I have two Dataframes
df1 = pd.DataFrame(
{
"A": ["1", "3", "22", "43"],
"B": ["6", "19", "4", "31"],
"C": ["47", "15", "8", "19"],
},
index=[0, 1, 2, 3],
)
df2 = pd.DataFrame(
{
"A": ["65", "47", "6", "13"],
"B": ["29", "5", "2", "21"],
"C": ["69", "9", "11", "80"],
},
index=[4, 5, 6, 7],
)
By using pandas, the final result should be:
A B C Ti ID
0 1 6 47 am 01
1 3 19 15 am 01
2 22 4 8 am 01
3 43 31 19 am 01
4 65 29 69 pm 01
5 47 5 9 pm 01
6 6 2 11 pm 01
7 13 21 80 pm 01
I went through Pandas Documentation, and I am trying to merge these two Dataframes by using pd.concat. The code is:
new_df = pd.concat([df1, df2], keys=['am', 'pm']).reset_index()

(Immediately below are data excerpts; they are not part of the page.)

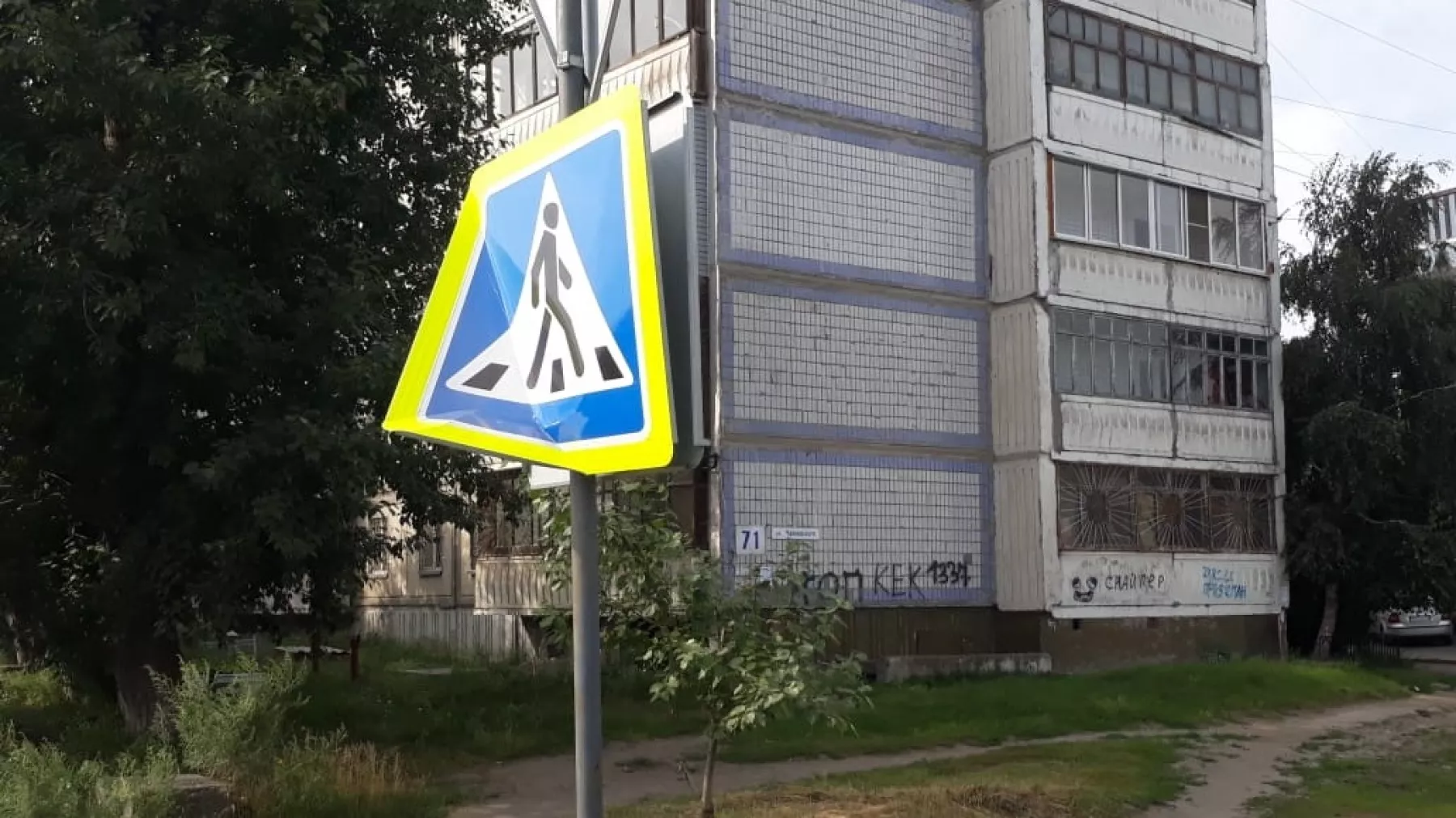 Неизвестный товарищ из разряда «сила есть – ума не надо» решил, что дорожные знаки в районе новостроек на Матросова какие-то некрасивые. «Я художник, я так вижу» - подумал деятель, и художественно погнул с десяток знаков «Пешеходный переход». Теперь мэрия будет эти «художества» исправлять – за 133 тысячи рублей.
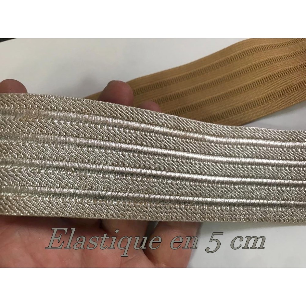 Elastique fantaisie argent plat couture en 5 cm de largeur pour fabrication de ceintures, confection de vêtements, décorations de robes, pour jupes pantalon, slips, lingerie, sacs.
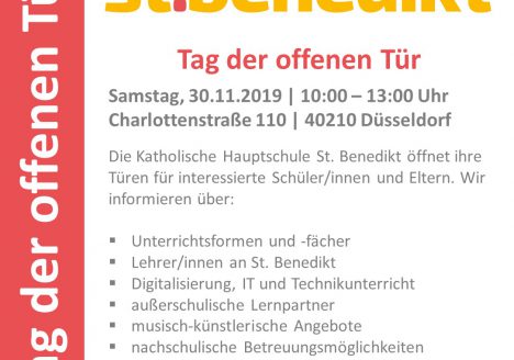 Traditionell öffnet die St. Benedikt Schule am ersten Adventswochenende ihre Türen für alle interessierten, zukünftigen und ehemaligen Schülerinnen und Schüler und deren Familien und Freunde. Wir freuen uns über das Erscheinen und…
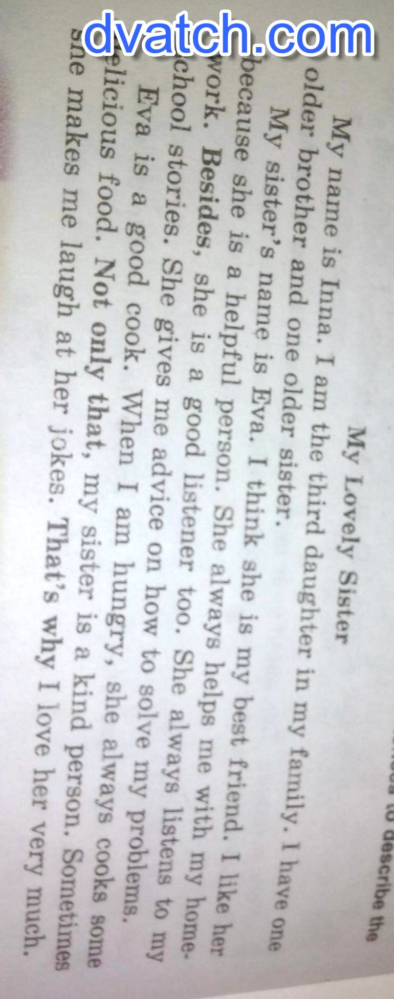 Надеюсь , я помогла♡︎ | Меня зовут Инна. Я третий ребенок в семье. У меня есть старшая сестра. Мою сестру зовут Ева. Я думаю, она моя лучшая подруга. Она мне нравится, потому что она отзывчивый человек. Она всегда помогает мне с домашним заданием. Кроме того, она еще и хороший слушатель. Она всегда слушает мои школьные рассказы. Она дает мне советы, как решить мои проблемы. Ева хорошо готовит. Когда я голодна, она всегда готовит вкусную еду. К тому же моя сестра - добрый человек. Иногда она заставляет меня смеяться над своими шутками. Поэтому я ее очень люблю. |
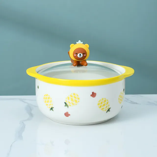 Mar.01 83번 귀여운 소녀 마음 도자기로 만든 라면 그릇 ins 바람기 기숙사 학생 집에 대용량 밥그릇 1개비Z, 그릇. - 파인애플 곰.

However, the new Dataframe came out with an extra column level_1 that I don’t want it to be there:
level_0 level_1 A B C
0 am 0 1 6 47
1 am 1 3 19 15
2 am 2 22 4 8
3 am 3 43 31 19
4 pm 4 65 29 69
5 pm 5 47 5 9
6 pm 6 6 2 11
7 pm 7 13 21 80
I know reset_index() created that unwanted column. But why?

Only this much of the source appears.